Task goal
Write out the data again exactly, skipping every picture.

Data provided
***
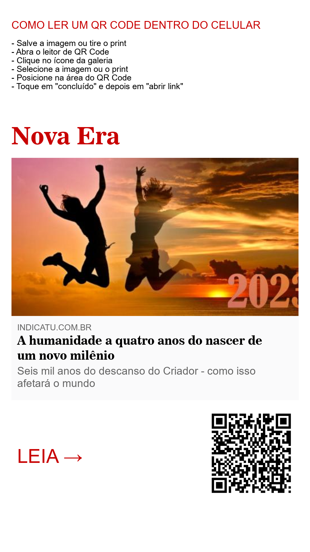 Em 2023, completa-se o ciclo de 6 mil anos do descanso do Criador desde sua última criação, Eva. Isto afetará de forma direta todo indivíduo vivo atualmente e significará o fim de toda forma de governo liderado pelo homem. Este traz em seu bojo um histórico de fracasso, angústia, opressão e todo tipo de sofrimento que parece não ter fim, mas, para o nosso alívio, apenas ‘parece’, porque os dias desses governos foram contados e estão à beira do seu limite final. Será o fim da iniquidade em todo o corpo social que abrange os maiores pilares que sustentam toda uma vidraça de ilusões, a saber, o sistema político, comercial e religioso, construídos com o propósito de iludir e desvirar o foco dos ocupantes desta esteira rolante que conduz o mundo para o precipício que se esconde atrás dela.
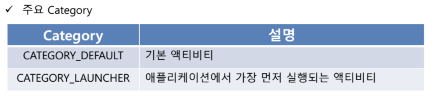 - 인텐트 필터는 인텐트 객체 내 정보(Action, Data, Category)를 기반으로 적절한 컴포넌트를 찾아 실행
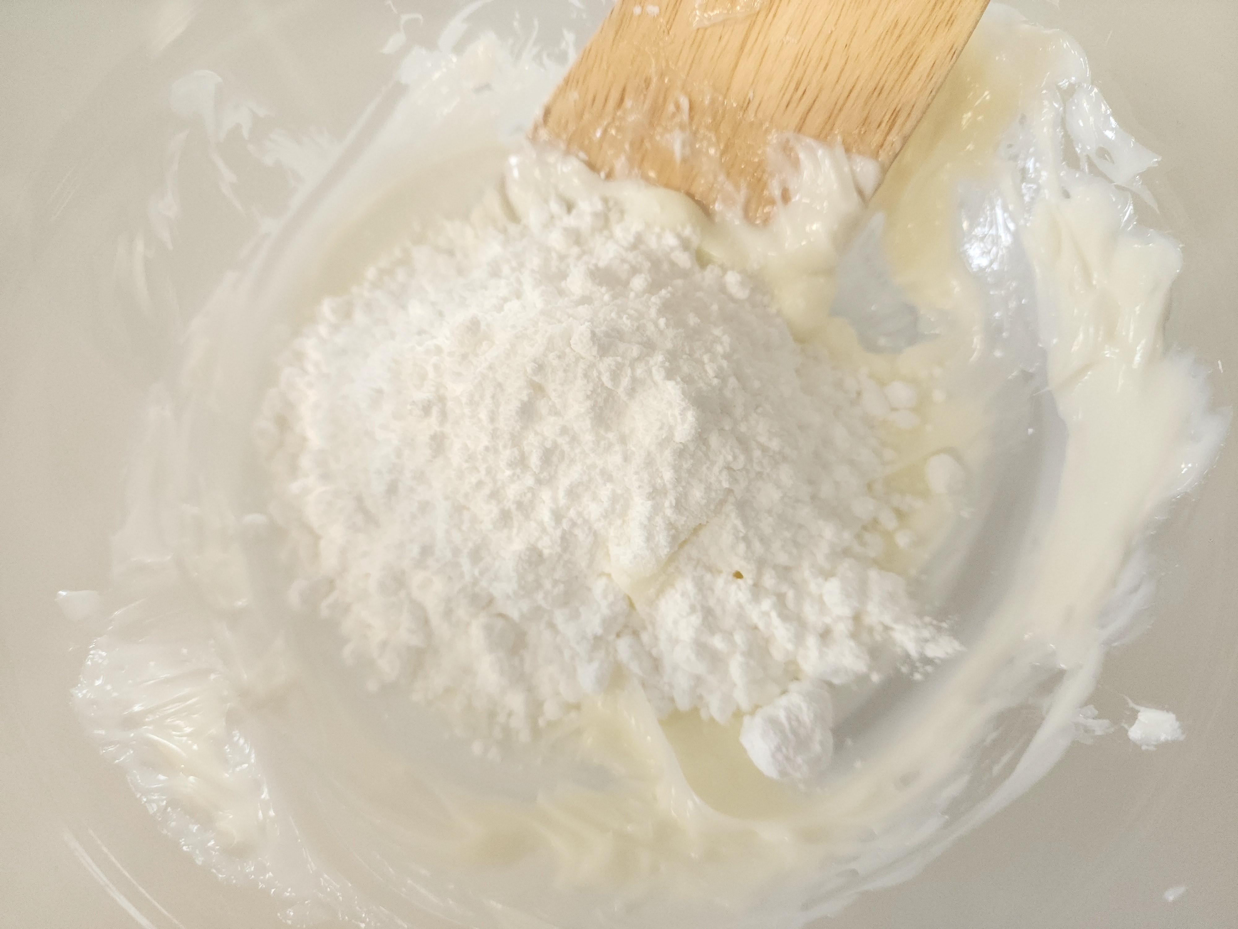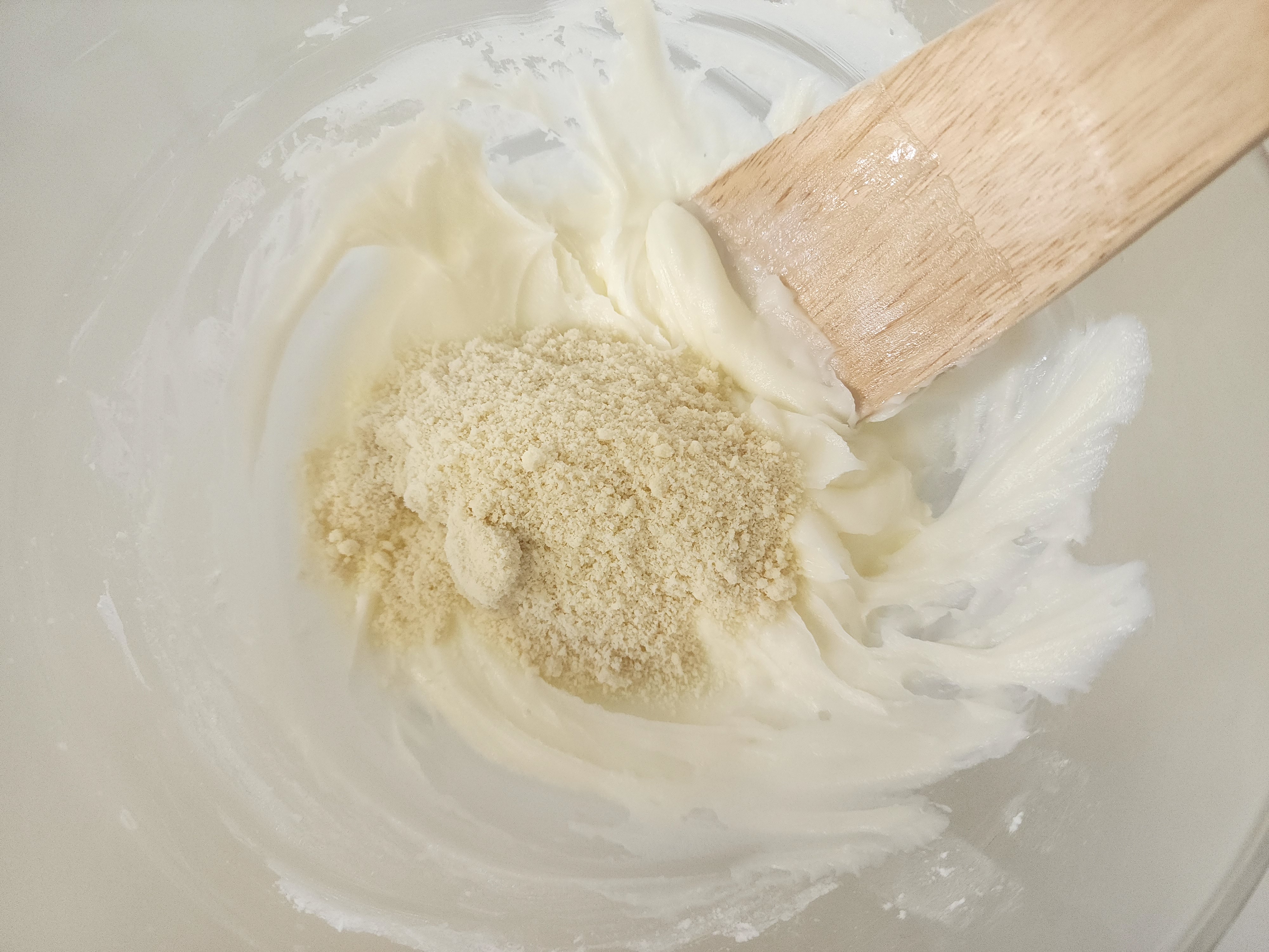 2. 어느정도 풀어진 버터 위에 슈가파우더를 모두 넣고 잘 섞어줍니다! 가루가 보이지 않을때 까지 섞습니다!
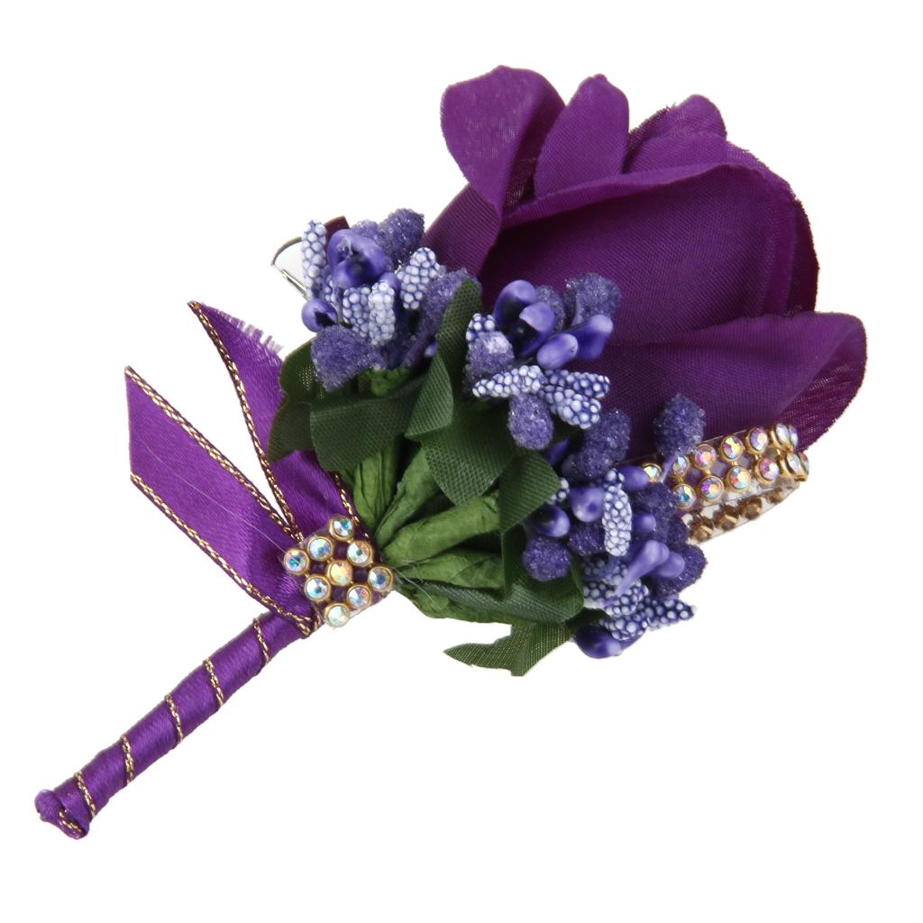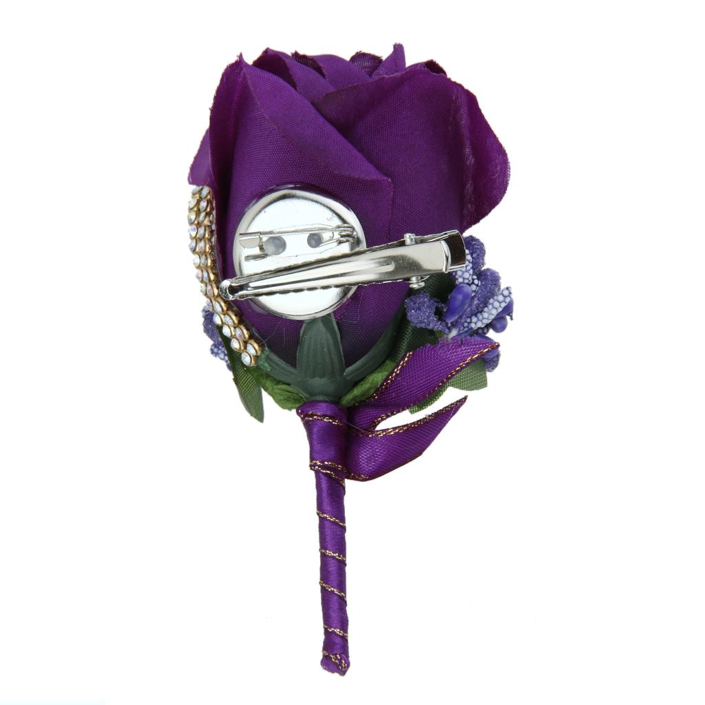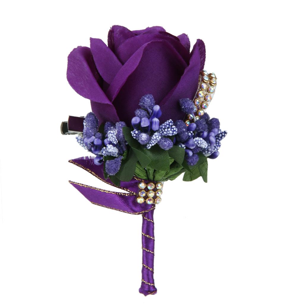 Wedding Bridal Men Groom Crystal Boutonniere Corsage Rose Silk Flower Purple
***
Expected answer
 Em 2023, completa-se o ciclo de 6 mil anos do descanso do Criador desde sua última criação, Eva. Isto afetará de forma direta todo indivíduo vivo atualmente e significará o fim de toda forma de governo liderado pelo homem. Este traz em seu bojo um histórico de fracasso, angústia, opressão e todo tipo de sofrimento que parece não ter fim, mas, para o nosso alívio, apenas ‘parece’, porque os dias desses governos foram contados e estão à beira do seu limite final. Será o fim da iniquidade em todo o corpo social que abrange os maiores pilares que sustentam toda uma vidraça de ilusões, a saber, o sistema político, comercial e religioso, construídos com o propósito de iludir e desvirar o foco dos ocupantes desta esteira rolante que conduz o mundo para o precipício que se esconde atrás dela.
 - 인텐트 필터는 인텐트 객체 내 정보(Action, Data, Category)를 기반으로 적절한 컴포넌트를 찾아 실행
 2. 어느정도 풀어진 버터 위에 슈가파우더를 모두 넣고 잘 섞어줍니다! 가루가 보이지 않을때 까지 섞습니다!
 Wedding Bridal Men Groom Crystal Boutonniere Corsage Rose Silk Flower Purple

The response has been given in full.